The even permutations of n elements form a subgroup called the alternating group on n elements denoted as An. Since this group has only one cofactor other than itself, that cofactor is unique, whether defined from the left or right, and the alternating group is always a normal subgroup.

3. Conjugacy

Two elements of a group, A and B  are called conjugates if there is a group element C obeying  AC = CB  which implies A= CBC-1 and B = C-1AC. If A and B are conjugates and B and C are, then A and C are as well.

Exercise: Prove that  if A is conjugate to B and C then B is conjugate to C.

We can partition any finite group into blocks called conjugacy classes, such that each pair of members in every block are conjugates of one another.

Among permutation groups, two elements are conjugate if their cycle structure is the same. Thus any two permutations of 7 elements which consist of one cycle of length 3 and another of length 4 are conjugate to one another.

Thus, while there are n! elements of the group of possible symmetries of n objects (which group is usually denoted as Sn) , there are only a number of conjugacy classes given by the number of partitions of n into blocks.

And how many of these are there? How many partitions of n into blocks are there which is how many conjugacy classes Sn the symmetric group on n elements possesses?

Let us look at what happens when n is small; suppose for example n=9.

We will describe our partitions by omitting fixed points, correspond to blocks of size 1. This means that the difference between n and the sum of the block sizes shown is made up of blocks of size 1.

Then we have the partition that is all 1’s, then (2), (3). (4), (2,2), (5), (3,2), (6), (4,2) , (3,3), (2,2,2), (7), (5,2), (4,3), (3,2,2), (8), (6,2), (5,3), (4,4), (4,2,2), (3,3,2), (2,2,2,2), (9), (7,2), (6,3), (5,4), (5,2,2), (4,3,2), (3,3,3), (3,2,2,2) . There are a total of thirty of them. On the other hand there are 9! or 362880 elements of the symmetric group on 9 symbols.

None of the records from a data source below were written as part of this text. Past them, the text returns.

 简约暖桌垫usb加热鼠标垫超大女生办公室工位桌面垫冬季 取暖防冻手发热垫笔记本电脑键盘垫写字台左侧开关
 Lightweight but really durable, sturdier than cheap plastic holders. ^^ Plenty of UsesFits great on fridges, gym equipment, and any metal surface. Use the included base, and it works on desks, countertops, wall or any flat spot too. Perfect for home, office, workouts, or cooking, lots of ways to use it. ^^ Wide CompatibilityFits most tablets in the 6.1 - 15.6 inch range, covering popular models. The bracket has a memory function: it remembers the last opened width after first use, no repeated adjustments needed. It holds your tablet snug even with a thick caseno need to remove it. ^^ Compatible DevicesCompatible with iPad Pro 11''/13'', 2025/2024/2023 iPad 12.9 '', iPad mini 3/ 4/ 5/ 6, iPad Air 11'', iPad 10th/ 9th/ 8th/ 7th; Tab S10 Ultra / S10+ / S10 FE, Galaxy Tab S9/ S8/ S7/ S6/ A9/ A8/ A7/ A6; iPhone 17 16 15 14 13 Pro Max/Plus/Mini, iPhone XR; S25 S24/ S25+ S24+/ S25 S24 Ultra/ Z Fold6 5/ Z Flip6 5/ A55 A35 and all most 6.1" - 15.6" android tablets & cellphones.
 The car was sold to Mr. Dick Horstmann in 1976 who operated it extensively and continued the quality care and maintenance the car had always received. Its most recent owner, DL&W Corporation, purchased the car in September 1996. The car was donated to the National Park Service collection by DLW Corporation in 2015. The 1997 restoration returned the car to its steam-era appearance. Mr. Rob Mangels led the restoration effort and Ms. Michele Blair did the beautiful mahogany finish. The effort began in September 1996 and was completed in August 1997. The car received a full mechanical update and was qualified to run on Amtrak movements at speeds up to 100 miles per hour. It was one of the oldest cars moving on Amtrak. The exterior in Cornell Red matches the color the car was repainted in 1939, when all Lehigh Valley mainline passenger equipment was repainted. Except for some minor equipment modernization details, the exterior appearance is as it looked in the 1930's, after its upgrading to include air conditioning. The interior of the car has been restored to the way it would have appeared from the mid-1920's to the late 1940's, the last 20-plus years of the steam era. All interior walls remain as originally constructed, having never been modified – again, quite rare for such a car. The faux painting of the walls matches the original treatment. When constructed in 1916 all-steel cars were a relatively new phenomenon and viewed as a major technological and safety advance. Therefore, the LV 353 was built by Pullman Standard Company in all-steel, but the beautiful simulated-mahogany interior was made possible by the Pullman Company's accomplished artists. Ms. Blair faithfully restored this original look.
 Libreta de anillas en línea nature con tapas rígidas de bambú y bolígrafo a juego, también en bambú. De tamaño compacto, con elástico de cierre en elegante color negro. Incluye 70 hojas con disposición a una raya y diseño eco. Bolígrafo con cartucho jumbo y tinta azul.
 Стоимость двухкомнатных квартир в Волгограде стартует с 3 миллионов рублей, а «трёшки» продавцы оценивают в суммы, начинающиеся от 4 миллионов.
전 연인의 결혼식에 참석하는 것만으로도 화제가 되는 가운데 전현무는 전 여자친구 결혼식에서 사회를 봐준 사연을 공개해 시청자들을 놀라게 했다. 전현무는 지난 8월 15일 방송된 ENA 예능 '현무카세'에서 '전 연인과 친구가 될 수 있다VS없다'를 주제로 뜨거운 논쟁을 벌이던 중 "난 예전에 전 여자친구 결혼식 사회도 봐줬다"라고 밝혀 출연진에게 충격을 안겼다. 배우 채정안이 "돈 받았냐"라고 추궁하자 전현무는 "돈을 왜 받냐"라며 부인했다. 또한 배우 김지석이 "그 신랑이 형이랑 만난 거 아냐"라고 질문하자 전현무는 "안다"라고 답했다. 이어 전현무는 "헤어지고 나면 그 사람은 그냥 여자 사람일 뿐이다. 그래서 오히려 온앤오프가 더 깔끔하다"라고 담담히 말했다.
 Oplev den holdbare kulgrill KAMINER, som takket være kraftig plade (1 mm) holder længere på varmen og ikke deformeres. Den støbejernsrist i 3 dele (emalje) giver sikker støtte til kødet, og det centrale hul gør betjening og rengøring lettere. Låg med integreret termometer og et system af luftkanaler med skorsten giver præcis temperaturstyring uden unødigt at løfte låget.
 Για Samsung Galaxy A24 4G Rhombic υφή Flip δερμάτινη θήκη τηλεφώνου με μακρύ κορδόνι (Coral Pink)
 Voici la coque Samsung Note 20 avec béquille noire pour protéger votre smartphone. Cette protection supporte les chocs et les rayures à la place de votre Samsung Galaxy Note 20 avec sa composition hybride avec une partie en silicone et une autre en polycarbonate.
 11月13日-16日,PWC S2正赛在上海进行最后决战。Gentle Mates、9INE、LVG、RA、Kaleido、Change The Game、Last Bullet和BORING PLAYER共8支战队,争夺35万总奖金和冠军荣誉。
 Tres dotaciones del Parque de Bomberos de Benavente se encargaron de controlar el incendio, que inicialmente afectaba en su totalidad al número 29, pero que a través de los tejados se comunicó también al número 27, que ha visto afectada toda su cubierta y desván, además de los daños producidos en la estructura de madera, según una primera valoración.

We can count these numbers on a spreadsheet by use of the following properties.

Let the number of partitions of n into k blocks be p(n,k).

Then we have

p(0,0) = 1,

p(n,k)=0 for k>n or k<0,

and

p(n,k)= p(n-1,k-1) +p(n-k,k)

The last of these statements represents the fact that the partitions that include a block of 1 are, if we ignore that block, partitions of n-1 into k-1 blocks; while partitions which have all blocks at least 2 become partitions of n-k into k blocks if we subtract 1 from each block.

We can express the condition that a subgroup is normal by the statement that its elements consist of complete conjugacy classes.

We consider some examples. Consider the alternating groups on 3, 4, 5, and 6 objects.

The elements of these groups are the even permutations of the objects, which are those with are those with an even number of even cycles. They are

For n= 3:  (1,1,1)  there is one such element, the identity,

and (3)  there are two three cycles of three elements (123) and (132).

And this group has three elements.

In this case the alternating group is a cycle and has no normal subgroups.

For n=4:  (1,1,1,1) the identity again

(2,2) there are three of these. (12)(34), (13)(24), and (14)(23)

(3,1) there are 8 of these, namely (1)(234), (1)(243), (2)(134), (2)(143), etc.

The alternating group has 12 elements. The first two conjugacy classes here have four elements, and form a subgroup. This is a normal subgroup of S4.

For n=5: (1,1,1,1,1) the identity again

(3,1,1)  20 of these; two ways of cycling three elements and C(5,2) ways of picking out two not to cycle

(2,2,1)   15 of these, 5 objects to leave out and 3 ways to split 4 in two.